Policy as Code Working Group Update: Exploring Policy-as-Code Use Cases

PaC WG purpose: defining architecture, increasing awareness, focusing on enterprise use cases, but not creating standards or new languages, and not recommending specific technologies. PaC is a “business-enabler,” not a product or a discrete technology. It is a broad topic. PaC WG is developing a common vocabulary. The group had a round-table discussion on various topics: understanding device lifecycle (e.g., end-of-life); maintaining FedRAMP compliance; streamlined with PaC (using Terraform). The ability to re-run (i.e., idempotent) helps with auditing (evaluating), because it can actually demonstrate “as-built” compliance; the WG is looking ahead to formalize this. They discussed how PaC was used for AWS devices to streamline orchestration. Agile development can lead to more requirements for network configuration, compliance, etc. They mentioned putting PaC right into the SDLC pipeline. PaC also aids in configuring for visibility (via Prometheus, DataDog, etc.).
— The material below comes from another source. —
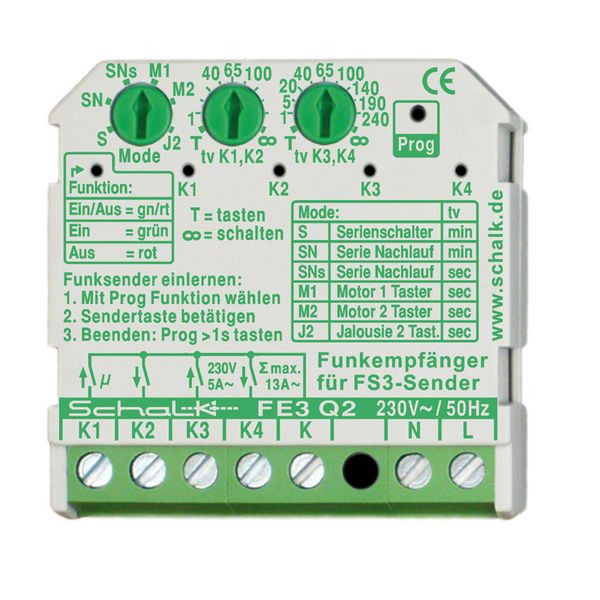 Der 4-Relais Funk-Empfängerschalter FE3 Q2 ermöglicht zusammen mit den Funksendern der FS3-Serie das drahtlose Schalten von elektrischen Betriebsmitteln (auch ohne Sichtverbindung), er ist als Serienschalter oder zur Motor- und Jalousiesteuerung einsetzbar. Das Gerät unterscheidet die Schaltfunktionen „Ein/Aus“ (abwechselnd Ein/Aus über eine Sendertaste = 1-Taster-Steuerung), sowie definiert „Ein“ und definiert „Aus“ (jeweils über separate Sendertaste = 2-Taster-Steuerung), Tastmodus (Relais schaltet nur solange Sendertaste gedrückt wird) oder Schaltmodus (mit/ohne einstellbarem Zeitablauf) möglich. 4 Relaiskontakte (Schließer 5A 250V AC, potentialfrei) (z.B. 4 Lampen oder 2 Motoren per Funk steuerbar), 6 Betriebsarten für: Serienschaltung, Kontaktzustandsübertragung, sowie Motor- und Jalousiesteuerung,

Artificial Intelligence (AI)
NetOne Systems Proof of Concept: Governing the New Technologies like ChatGPT from a Financial/Security Perspective Using PaC in a Hybrid-cloud Environment

NetOne Systems PoC: Governing the New Technologies like ChatGPT. PaC (policy as code). In a hybrid-cloud environment (which are becoming more and more popular nowadays) AI costs increase. PoC demonstration: prototype model to help create governance policies. He used natural language to generate an Ansible playbook, via AI. He then used DataDog to detect the quantity of ChatGPT usage tokens. He showed how the human administrator can intervene to deny access.
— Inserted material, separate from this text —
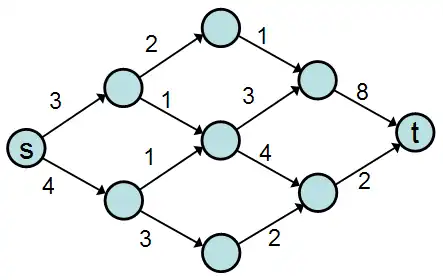 We assign a "capacity" to each edge, and initially we'll consider only integral-valued capacities. The following graph meets our requirements, where "s" is the source and "t" is the destination:

Grokstream Proof of Concept: Grok AIOps

Grok AIOps allows you to find problems early in the lifecycle. There are no rules to configure; it’s purely AI. It clusters vulnerabilities, predicts, and classifies. PoC: they showed the UI, with a prioritized queue of alarms, which reduced number of incidents that needed to be addressed. Historical events were shown in a simple list. Next they showed how Grok helps engineers automate fixes. It displayed “closed” notes on how problem was resolved over time.